Lee Edelman (born 1953) is an American literary critic and academic. He is a professor of English at Tufts University. He is the author of several books.

==Early life==
Lee Edelman was born in 1953. He graduated with a Bachelor of Arts degree from Northwestern University, and he received an MA, MPhil, and PhD from Yale University.

==Career==
Edelman began his academic career as a scholar of twentieth-century American poetry. He has since become active in the field of queer theory, exploring the intersections of sexuality, rhetorical theory, cultural politics, and film. At Tufts University, he holds an appointment as the Fletcher Professor of English Literature and has served as the Chair of the English Department.

He gained international recognition for his books about queer theory, post-structuralism, psychoanalytic theory, and cultural studies. His first book, Transmemberment of Song: Hart Crane's Anatomies of Rhetoric and Desire, is a critique of Hart Crane's poetry. His second book, Homographesis: Essays in Gay Literary and Cultural Theory, explores the significance of gay literature. His third book, No Future: Queer Theory and the Death Drive, is a post-Lacanian analysis of queer theory. He co-wrote Sex, or the Unbearable with Lauren Berlant. His fourth solo book, Bad Education: Why Queer Theory Teaches Us Nothing, rejects the Lacanian conception of education and instead pursues a different queer pedagogy.

Edelman's work has been contentious in queer theory, with José Esteban Muñoz's Cruising Utopia polemicizing against his "queer negativity." A 2005 Modern Language Association conference held a special symposium on the subject, with participants Robert L. Caserio, Lee Edelman, Jack Halberstam, José Esteban Muñoz, and Tim Dean debating the utility of the critique of reproductive futurism.

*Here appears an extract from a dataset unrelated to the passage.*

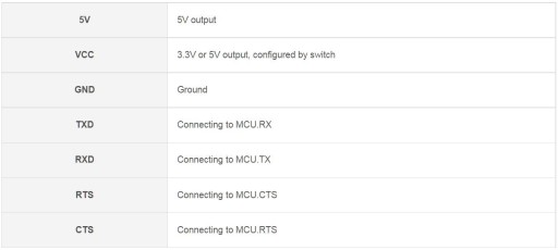 - Wyprowadzone sygnały na złącze goldpin: TX, RX, RTS, CTS, GND, VCC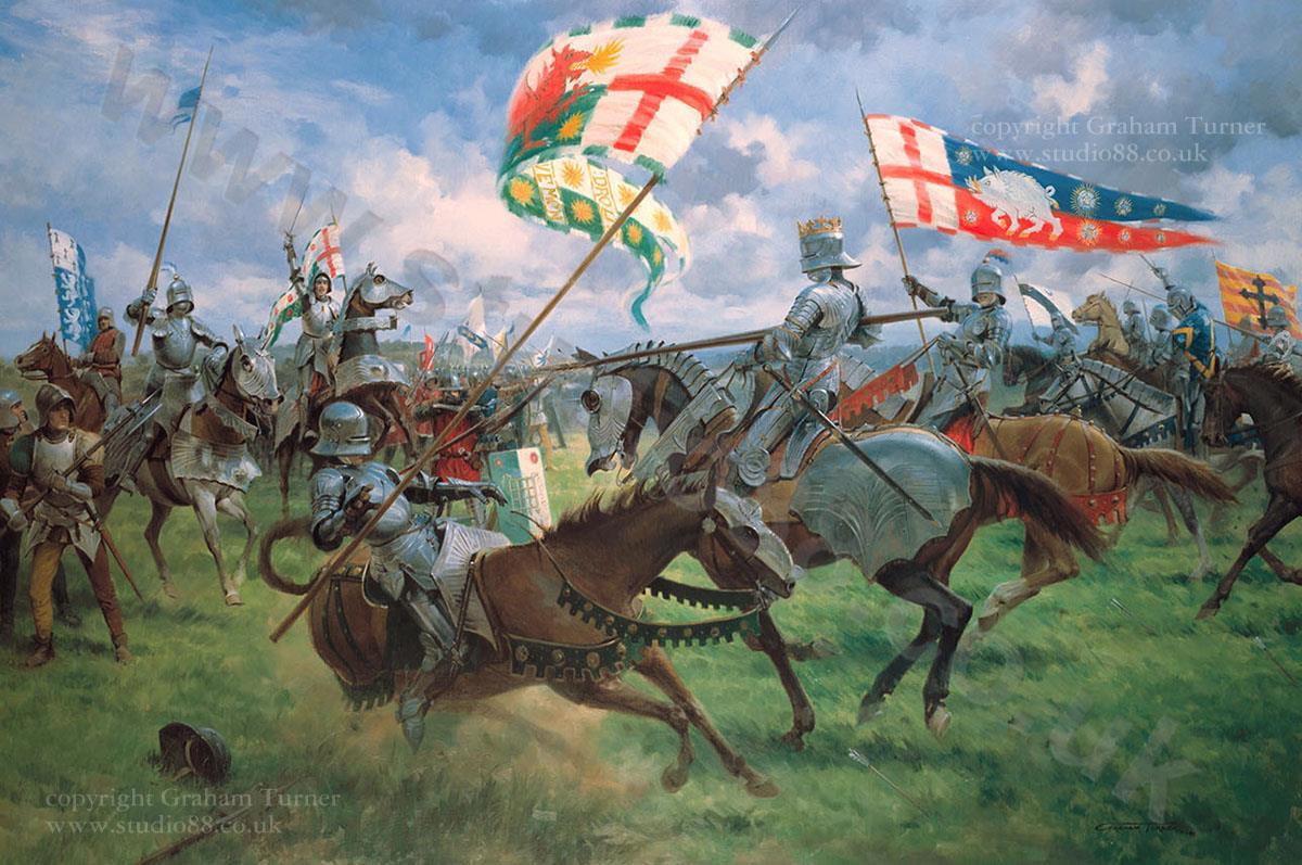 (момент атаки 80-ю рыцарями Ричарда III свиты Генриха Тюдора, поражение флага Тюдоров с драконом. Флаг Ричарда - с белым вепрем. На заднем плане слева видны отряды Стэнли с характерным белым штандартом с синей полосой и тремя оленями на полосе)

He was the co-founding editor of Duke University Press's Theory Q series in 2014, and remains a series editor.

==Personal life==
Edelman is married to critic and English professor Joseph Litvak.

==Bibliography==

=== Books ===
- "Transmemberment of Song: Hart Crane's Anatomies of Rhetoric and Desire" (1987)
- "Homographesis: Essays in Gay Literary and Cultural Theory" (1994)
- "No Future: Queer Theory and the Death Drive" (2004)
- "Sex, or the Unbearable" (2014)
- "Bad Education: Why Queer Theory Teaches Us Nothing" (2022)

=== Selected articles ===
- "An Ethics of Desubjectivation?" (2016)
- "Learning Nothing: Bad Education" (2017)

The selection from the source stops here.